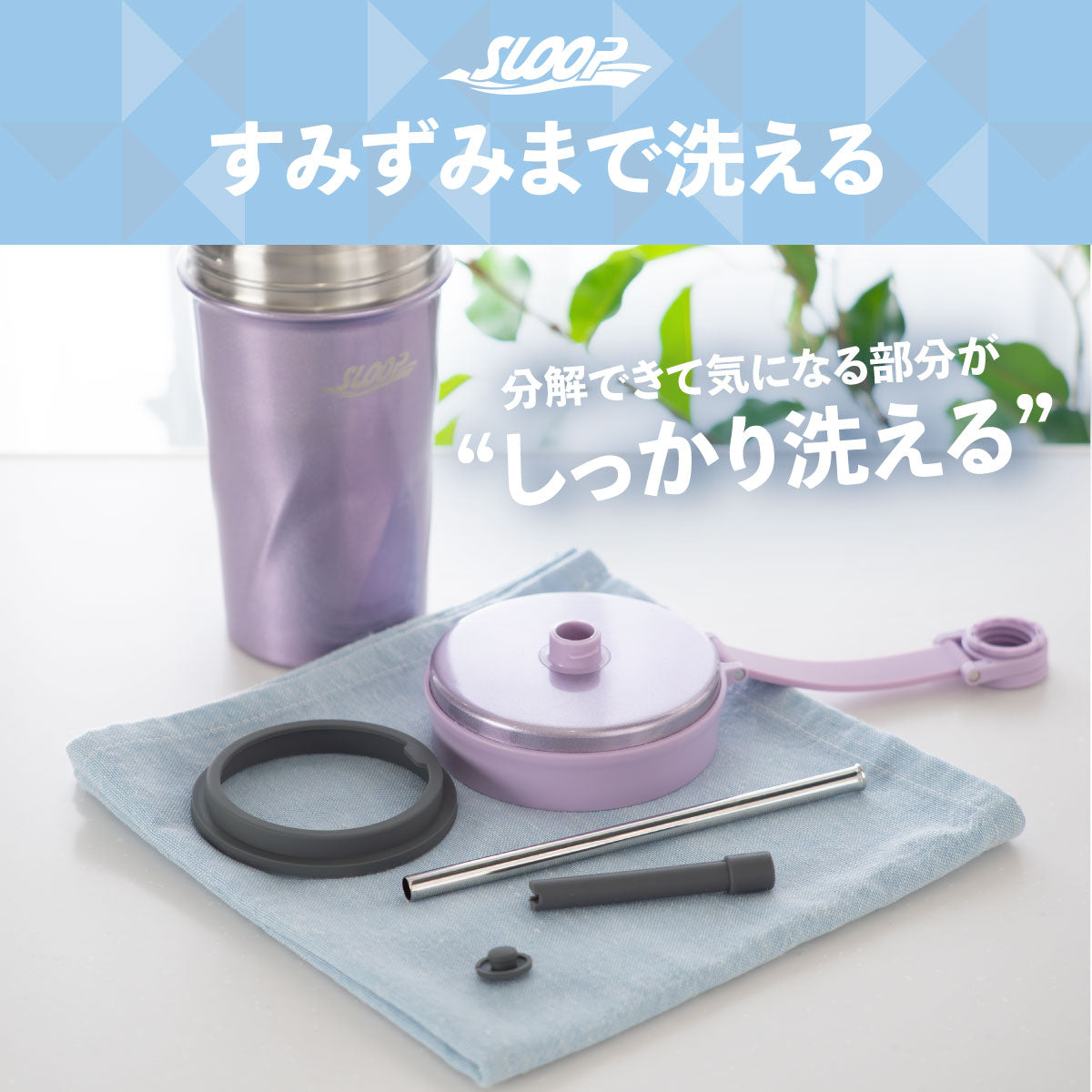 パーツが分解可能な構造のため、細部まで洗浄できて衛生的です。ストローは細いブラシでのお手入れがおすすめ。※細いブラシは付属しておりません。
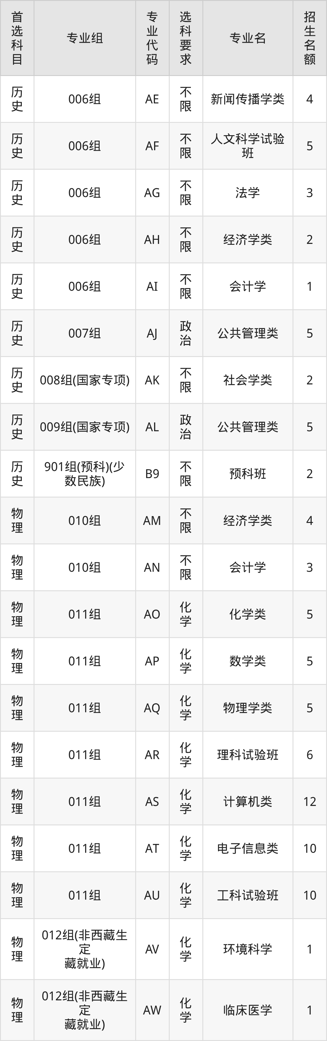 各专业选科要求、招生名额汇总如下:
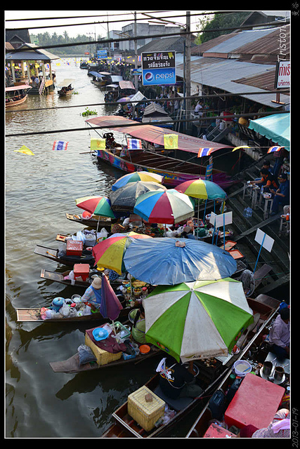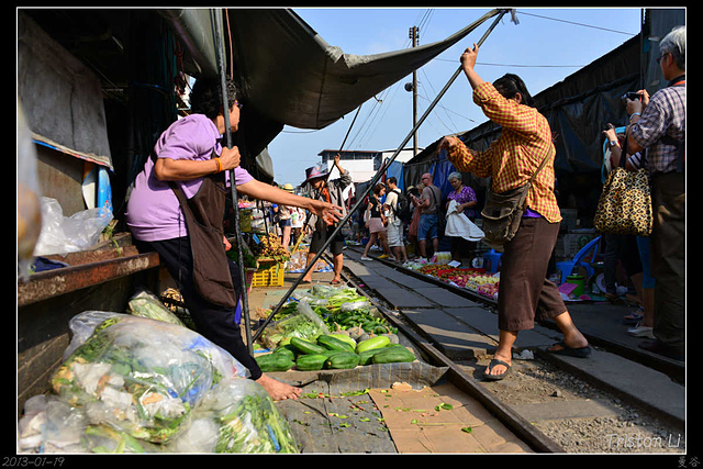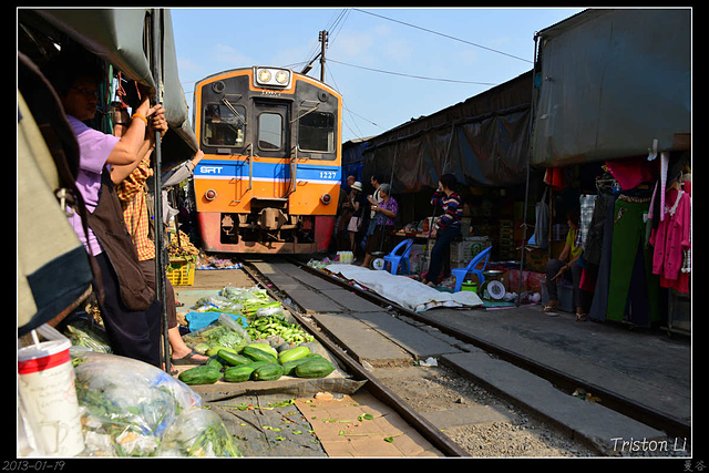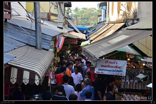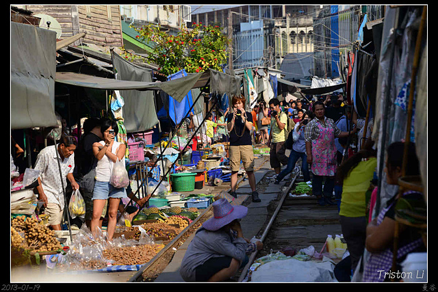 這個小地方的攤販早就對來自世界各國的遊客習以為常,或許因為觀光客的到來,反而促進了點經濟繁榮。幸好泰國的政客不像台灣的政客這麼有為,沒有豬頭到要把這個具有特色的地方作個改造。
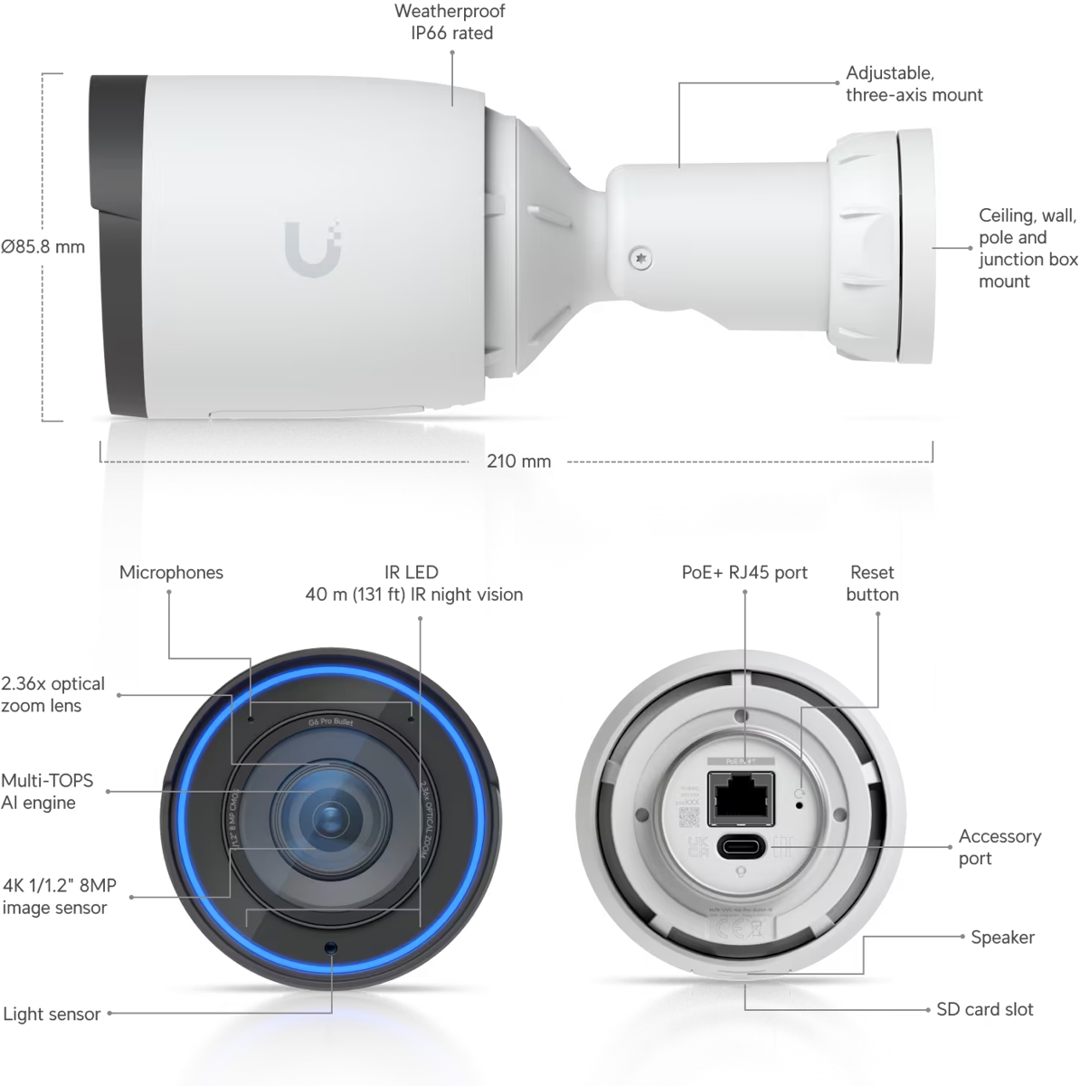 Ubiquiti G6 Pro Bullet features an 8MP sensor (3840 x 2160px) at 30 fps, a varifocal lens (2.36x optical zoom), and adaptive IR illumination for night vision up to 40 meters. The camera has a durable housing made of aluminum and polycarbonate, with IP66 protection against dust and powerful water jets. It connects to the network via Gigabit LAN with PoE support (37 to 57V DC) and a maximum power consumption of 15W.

—————

# [Task statement]
Would you restate all of the data above word for word, omitting the pictures?

# [Answer to the exercise]
 パーツが分解可能な構造のため、細部まで洗浄できて衛生的です。ストローは細いブラシでのお手入れがおすすめ。※細いブラシは付属しておりません。
 各专业选科要求、招生名额汇总如下:
 這個小地方的攤販早就對來自世界各國的遊客習以為常,或許因為觀光客的到來,反而促進了點經濟繁榮。幸好泰國的政客不像台灣的政客這麼有為,沒有豬頭到要把這個具有特色的地方作個改造。
 Ubiquiti G6 Pro Bullet features an 8MP sensor (3840 x 2160px) at 30 fps, a varifocal lens (2.36x optical zoom), and adaptive IR illumination for night vision up to 40 meters. The camera has a durable housing made of aluminum and polycarbonate, with IP66 protection against dust and powerful water jets. It connects to the network via Gigabit LAN with PoE support (37 to 57V DC) and a maximum power consumption of 15W.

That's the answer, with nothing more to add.